On Friday, 8 July 2016 at 00:56:25 UTC, deadalnix wrote:
While this very true, it is clear that most D's complexity
doesn't come from there. D's complexity come for the most part
from things being completely unprincipled and lack of vision.
But that way is PRAGMATIC, don't you know about that? It's better
to solve similar design issues in 5 places differently based on
current need and then live with the problems caused forever after.
Except that it is not the case. D fucks up orthogonality
everytime it has the opportunity.
Well, there are some things kept orthogonal. Runtime and
compiletime parameters are not mushed together for example. But
the situation does not improve, relevant thread:
http://forum.dlang.org/post/[email protected]
As a result, there is a ton of useless knowledge that has to be
accumulated.
Wanna use reflection? It's simple, just see template type
destructuring syntax, is expression, __traits, std.traits,
special builtin properties and functionlike-operators.

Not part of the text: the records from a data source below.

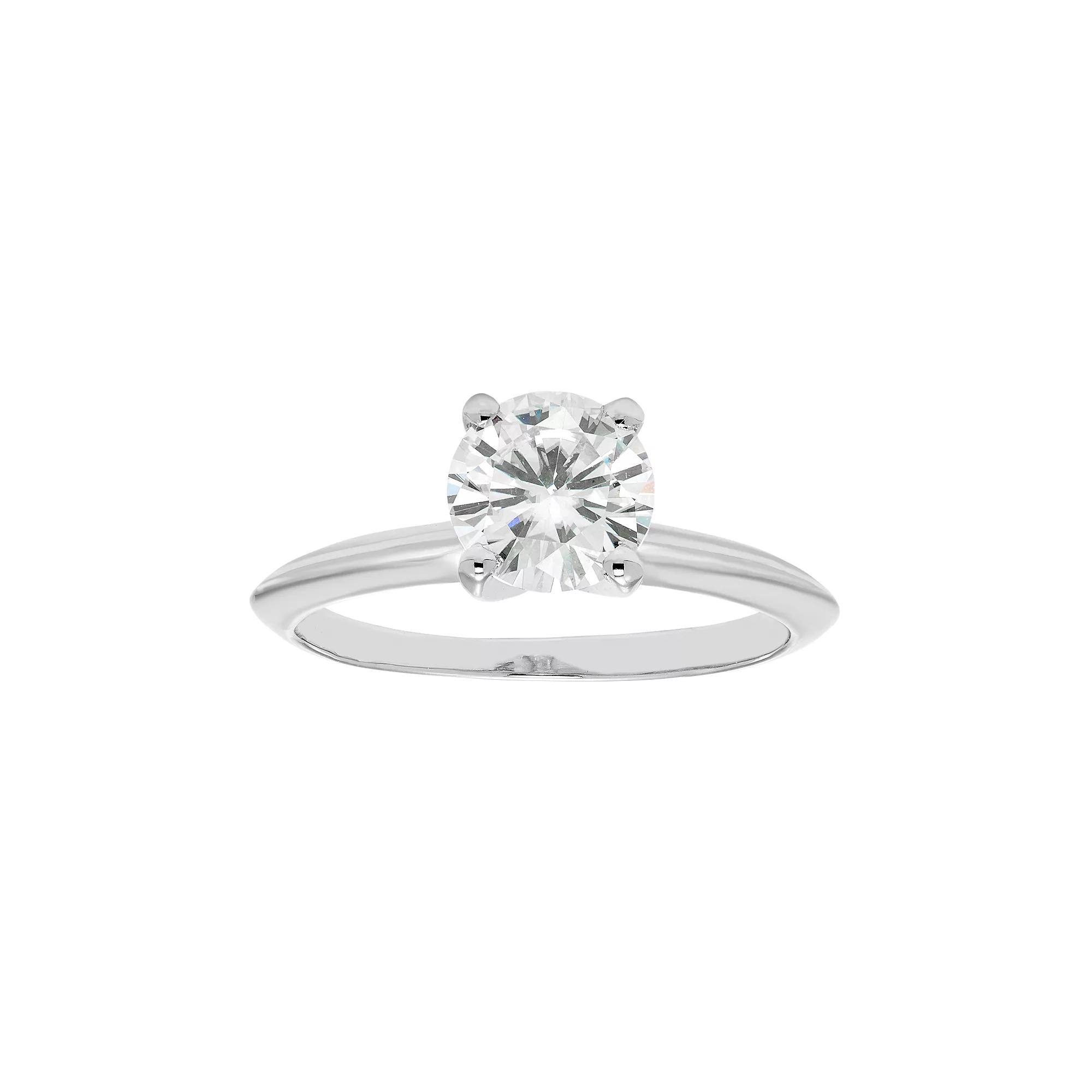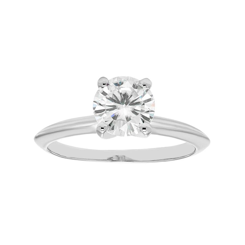 Accentuated with a round-cut, lab-created moissanite center stone, this engagement ring symbolizes your love in a magnificent way. Create a lifetime of memories together when you propose with this 14k white gold engagement ring. Click on this JEWELRY & WATCHES GUIDE to learn about fit, styles, materials and more! - https://www.kohls.com/feature/jewelry-guide.jsp. RING DETAILS. Width: 2 mm, Metal: 14k white gold, Packaging: boxed. STONE DETAILS. Stone type: lab-created moissanite, Diamond equivalent total weight: 1 ct., Shape: round, Setting: prong. Gemstones may have been treated to enhance their appearance. Special care may be required. Please visit our. Gemstone Treatment & Special Care Guide. - https://www.kohls.com/sale-event/gemstone-care-product-guide.shtml for more information. Diamond equivalent carat (ct.) Total Weight (T.W.) represents the approximate total weight of diamonds of equivalent appearance. Please note, due to the high value of this item, a signature may be required upon delivery. Size: 4. Gender: female. Age Group: adult. Material: 14 KT GOLD.
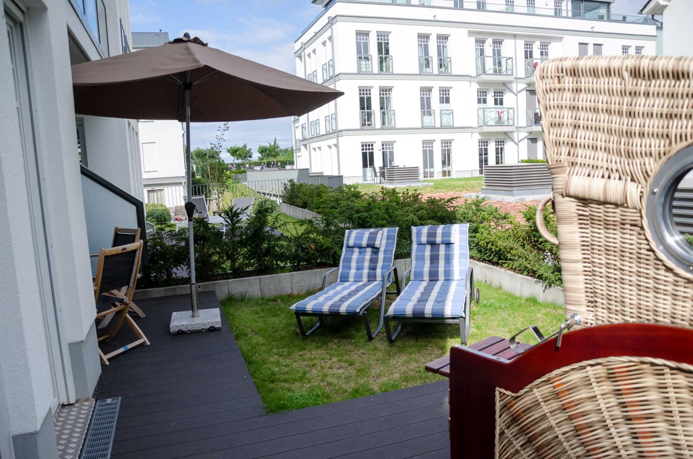 Die Wohnung verfügt über eine große möblierte Terrasse mit Sonnenliegen und Sonnenschirm.
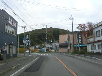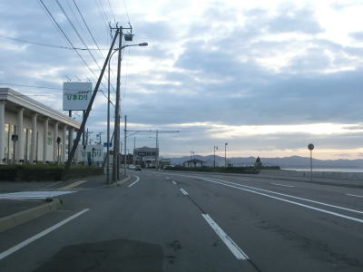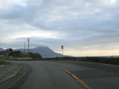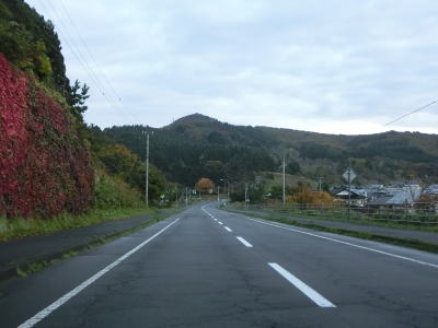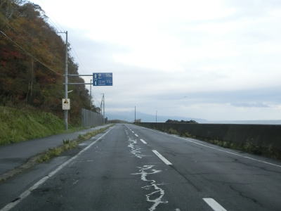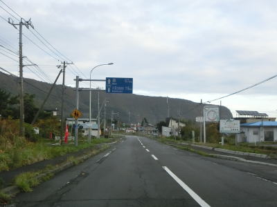 | 尻岸内漁港を過ぎると前方に恵山が見えるようになる。海岸に沿った少し高い場所を走った後に緩やかな勾配を下る。正面に海向山を望みながら平坦な直線道路を走っていると道の駅「なとわ・えさん」を通過する。 | ||
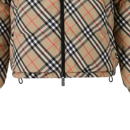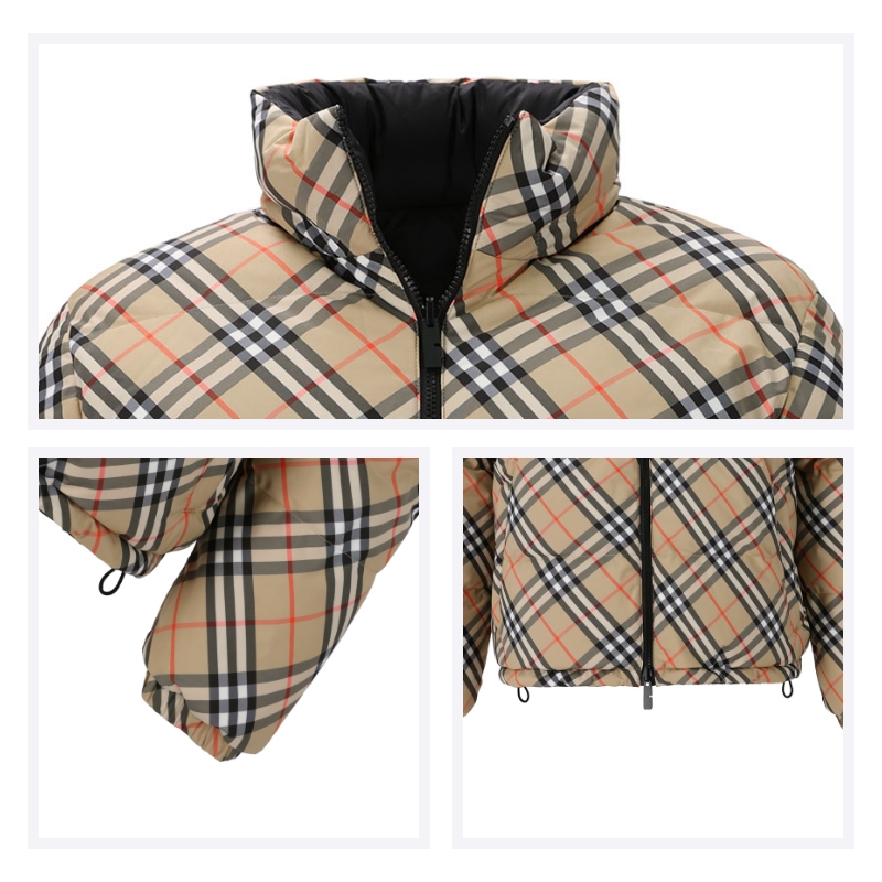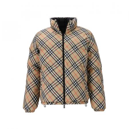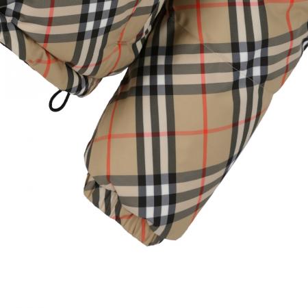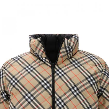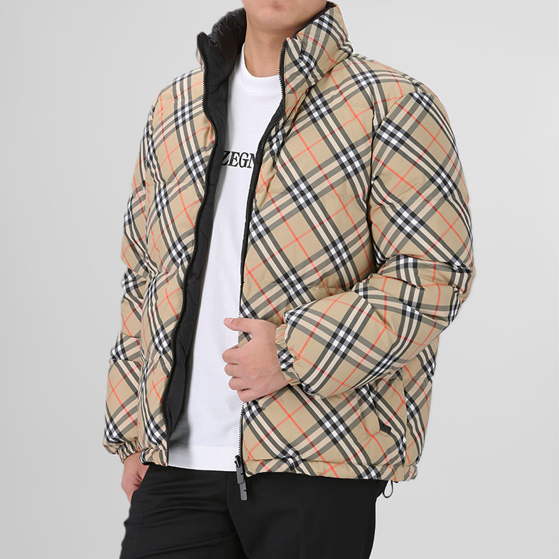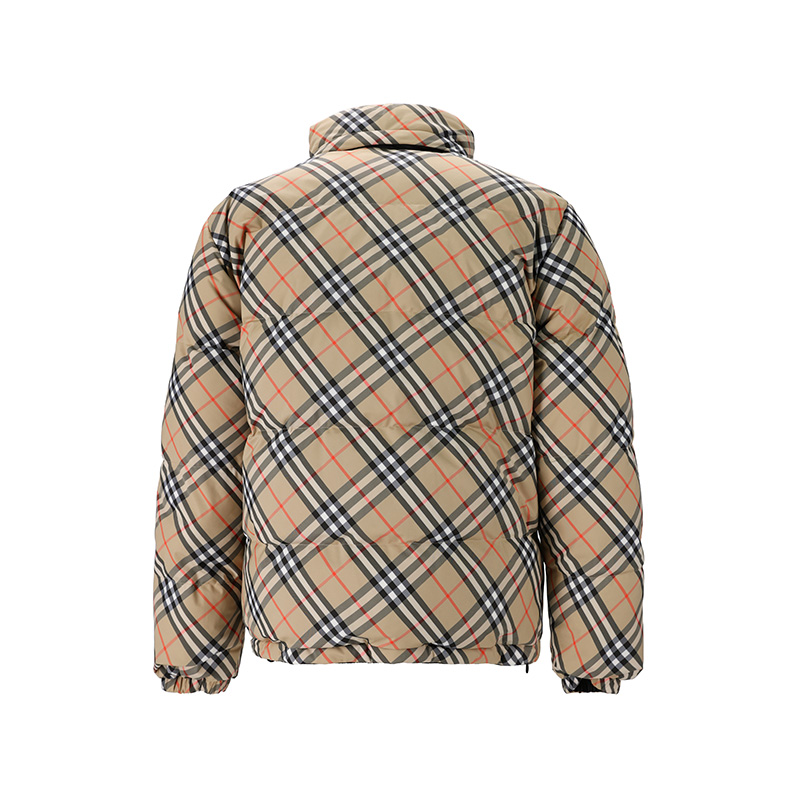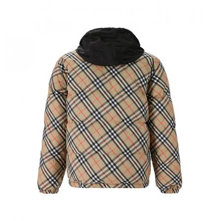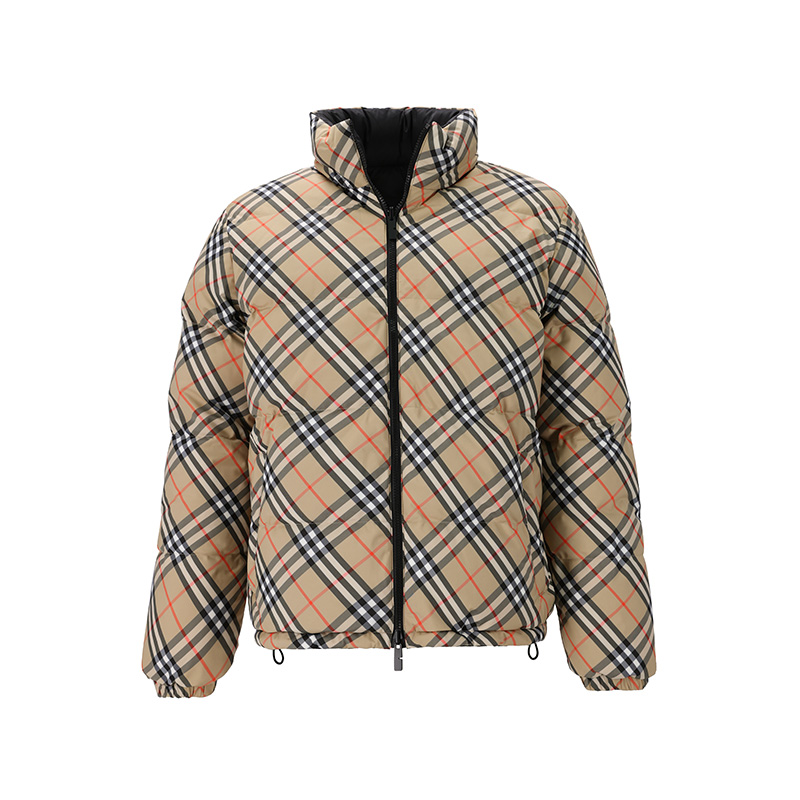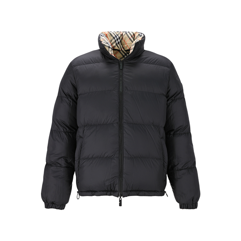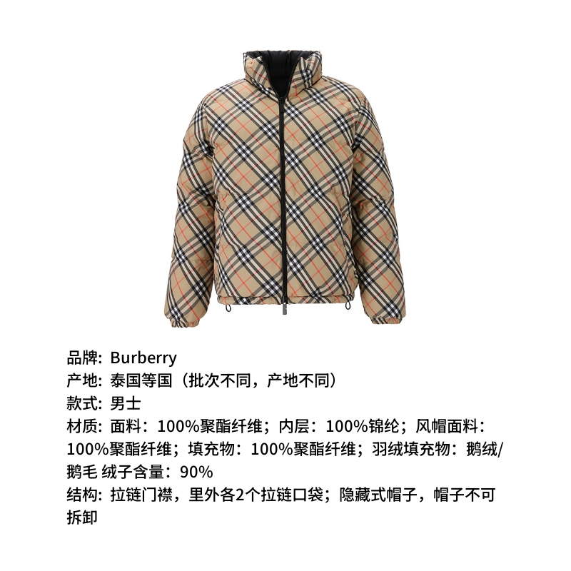 - 羽绒服,充盈填充鹅绒与鹅毛,呈现休闲版型。双面两穿款式,一面装饰标志性沙色 Burberry 格纹,另一面为点缀品牌骑士印章贴花的纯色设计。搭配便携式连帽,从容应对变幻天气。

For instance, you'd expect that
template Foo(T...) {}
would take a variadic number of type as arguments, while
template Foo(alias T...) {}
would take a variadic number of aliases. But no, 1 take a
variadic number of aliases and 2/ is invalid. So now we've
created a situation where it is now impossible to define
variadic, alias and parameter/argument as 3 simple, separate
things, but as a whole blob of arbitrary decisions.
Oh, but the current way saves 6 characters. And was what was
needed at the time of implemeting it.